Chainlink Labs and Anchorage Digital are founding contributors to a new political action committee intended to back U.S. candidates who support digital asset and blockchain-friendly policy. The group, called the Blockchain Leadership Fund, is a hybrid PAC that can make direct contributions to candidates and fund independent expenditures such as media buys.
Neither company disclosed how much it will give to the new PAC. Federal Election Commission records show no funding reported between the PAC’s creation in September and Dec. 31.
Update (March 30 at 9:25 pm UTC): This article was updated to include a response from Anchorage Digital. An Anchorage spokesperson told Cointelegraph the company plans to make a “meaningful contribution” that will be disclosed to the FEC.
The PAC’s launch, supported by Chainlink, Anchorage and members of advocacy group The Digital Chamber, comes roughly seven months before the Nov. 3 midterm elections that will determine control of both the House and Senate. Those chambers are needed to advance or pass crypto-related legislation such as the GENIUS Act, which was approved in July, and the CLARITY Act, a market-structure bill currently under consideration in the Senate.
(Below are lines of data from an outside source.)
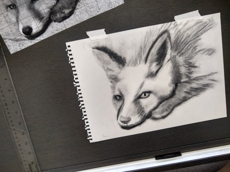 A half of a first paint layer. I loved the charcoal sketch so much that I was afraid to put the paint over it. It was hard. But, I think I will like it in the end.
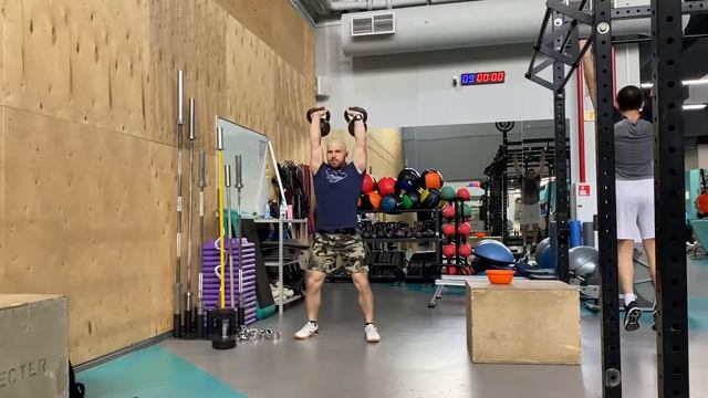 Взятие с виса+швунг 2 гирь (толчок по длинному циклу)
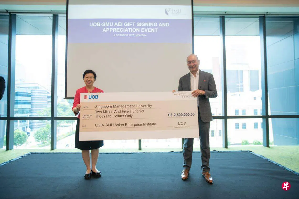 新大星期一(10月2日)发文告说,为进一步支持大华银行—新大亚洲企业研究院(UOB-SMU Asian Enterprise Institute,简称UOB-SMU AEI),大华银行在此前总额1000万元的投资基础上,再捐赠250万元,以支持研究院计划下,本地企业和新大学生在知识和资源方面的交流。

A Chainlink spokesperson said candidates who back the CLARITY Act “deserve sustained, organized support from the industry.” Anchorage warned in its announcement that “2026 will be pivotal for crypto regulation,” saying decisions made now will influence the industry and U.S. financial leadership for years and will depend on which stakeholders invest and show up.
Anchorage co-founder and CEO Nathan McCauley has said he meets regularly with lawmakers to discuss the stalled market-structure bill, which faces concerns including issues around stablecoin yield. Anchorage is among several crypto-linked firms that could benefit from changes in regulation if those bills advance.
The 2024 federal election saw roughly 270 pro-crypto candidates win congressional seats and resulted in Donald Trump’s election as president. That cycle included heavy spending from crypto-backed PACs — including groups tied to Ripple and Coinbase such as Fairshake — which spent hundreds of millions to support pro-crypto candidates. With many 2026 state primaries complete, crypto-aligned PACs have signaled plans to replicate those strategies; Fairshake said in January it had amassed more than $192 million for this year’s races.
FEC filings do not yet make clear where the Blockchain Leadership Fund will target its efforts in 2026. The PAC’s hybrid structure gives it flexibility to both contribute directly to campaigns and fund independent political activity on behalf of supported candidates.